How to I locate it, where is it? How do I identify it? Pictures would help is possible....thanks!


----------



## 2ks (Jun 27, 2009)

*Re: HELP* How do I find my PCV valve 2000 V6 *HELP (1995GTI)*

try this link, shows pics and all you need to know about the pcv system on a 2.8 V6. Other good maintenance info on that site also. 
http://passatb5.wikidot.com/v6...ement


----------



## 2ks (Jun 27, 2009)

*Re: HELP* How do I find my PCV valve 2000 V6 *HELP (1995GTI)*

Here is another link
http://passatb5.wikidot.com/do-it-yourself


----------



## 1995GTI (Jul 19, 2006)

*Re: HELP* How do I find my PCV valve 2000 V6 *HELP (2ks)*

dude thats sweet, thanks man. Def gonna try this. Where can I pick up a replacement set like on those links?

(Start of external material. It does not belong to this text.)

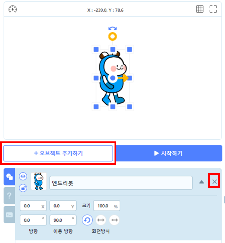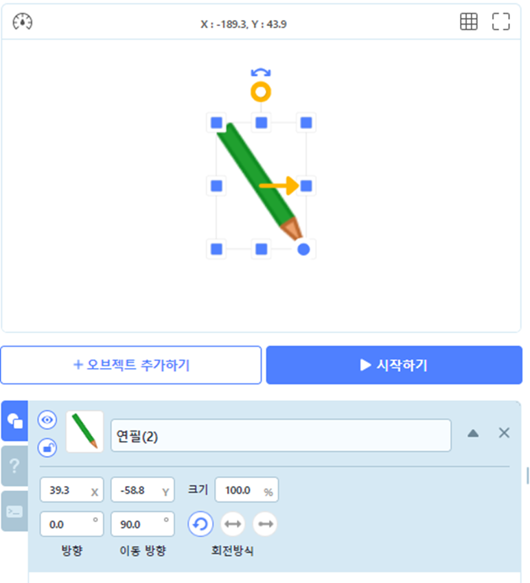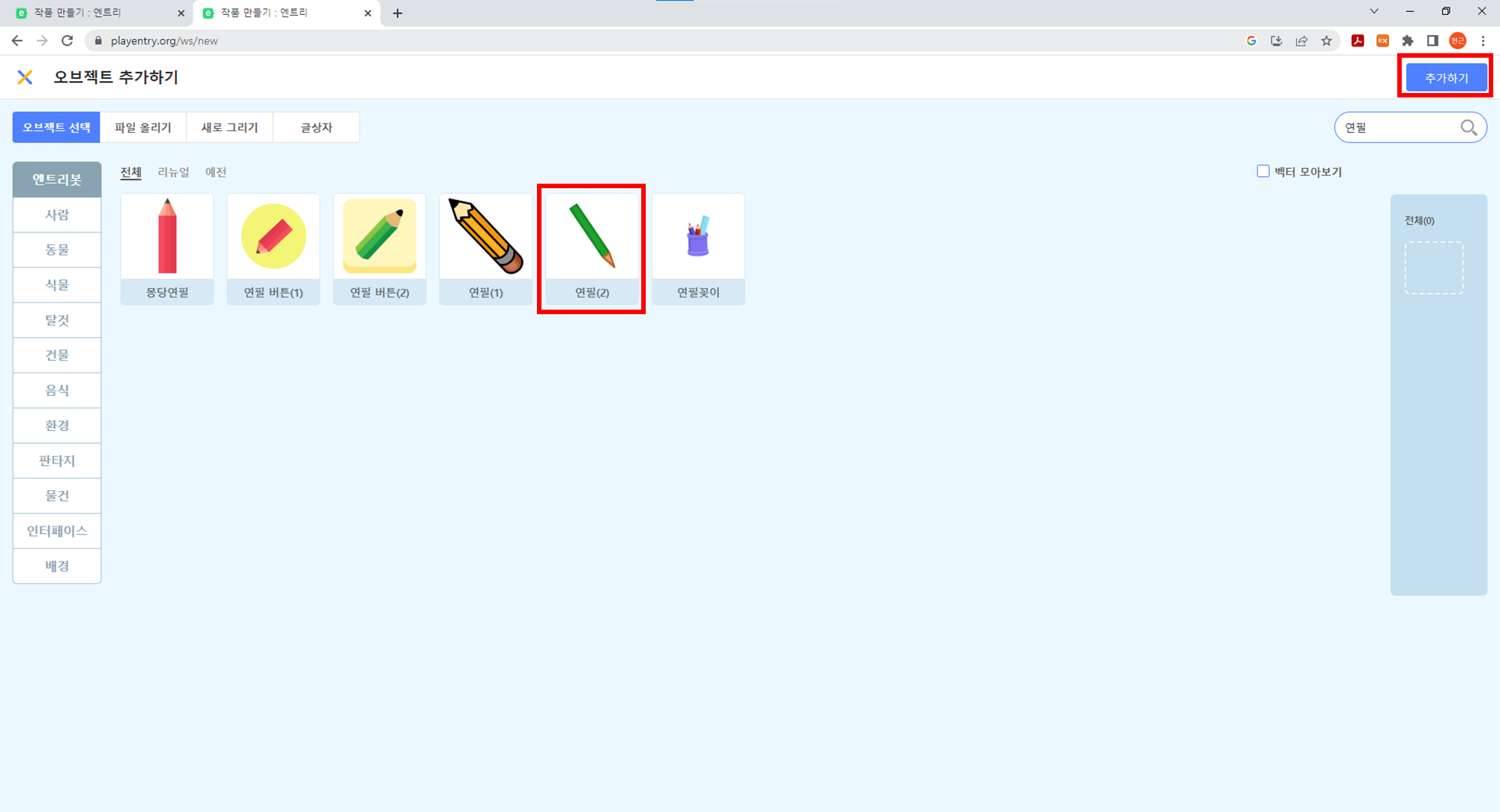 먼저 기존에 추가되어 있는 엔트리봇 오브젝트를 없앤 후 연필 오브젝트를 추가해줍니다.

Besides the dealer of course


----------



## 2ks (Jun 27, 2009)

*Re: HELP* How do I find my PCV valve 2000 V6 *HELP (1995GTI)*

These outta get you started, some may be specific links for something i was looking for, just click at the top to go to that sites home page, should give you a drill down menu on most of em. 
http://www.passatworld.com/for...99485
http://www.getcoolparts.com/
http://www.autohausaz.com/
http://www.stopshopanddrive.com/
http://www.germanautoparts.com/
http://www.ecstuning.com/
http://www.parts4vws.com/
http://www.worldimpex.com/
http://www.aboveallmotorwerks.com/
http://www.europartsdirect.com/
http://www.partsgeek.com/
http://www.pelicanparts.com/eu...g.htm


----------



## 1995GTI (Jul 19, 2006)

*Re: HELP* How do I find my PCV valve 2000 V6 *HELP (2ks)*

dude your the man, thanks alot.


----------



## Slimjimmn (Apr 8, 2006)

*Re: HELP* How do I find my PCV valve 2000 V6 *HELP (1995GTI)*

pretty cool writeups there. I love the w8 rear susp change where the guy uses 2 visegrips to loosen the top nut lol..


----------



## spitpilot (Feb 14, 2000)

*Re: HELP* How do I find my PCV valve 2000 V6 *HELP (Slimjimmn)*

There are 3 parts to the 2000 V6 PCV system..that big hose assembly that goes across the motor..a small hose that hook up to that and goes to crankcase vent on back of motor under throttle body, and something called the "suction pump" a "Y" shaped plastic part that controls vaccum and connects to PCV and brake booster hose....All three cost me about $125 or so a few years back when I replaced the PCV system to cure oil seepage from cam adjuster seals. I bought the parts from "1stVWparts" website... http://****************.com/smile/emthup.gif


----------



## Crash893a (Feb 11, 2004)

*Re: HELP* How do I find my PCV valve 2000 V6 *HELP (Slimjimmn)*

Thats pretty funny to see. I run that website and I wasn't really expecting anyone else to find it.
Good to see that its doing some good


----------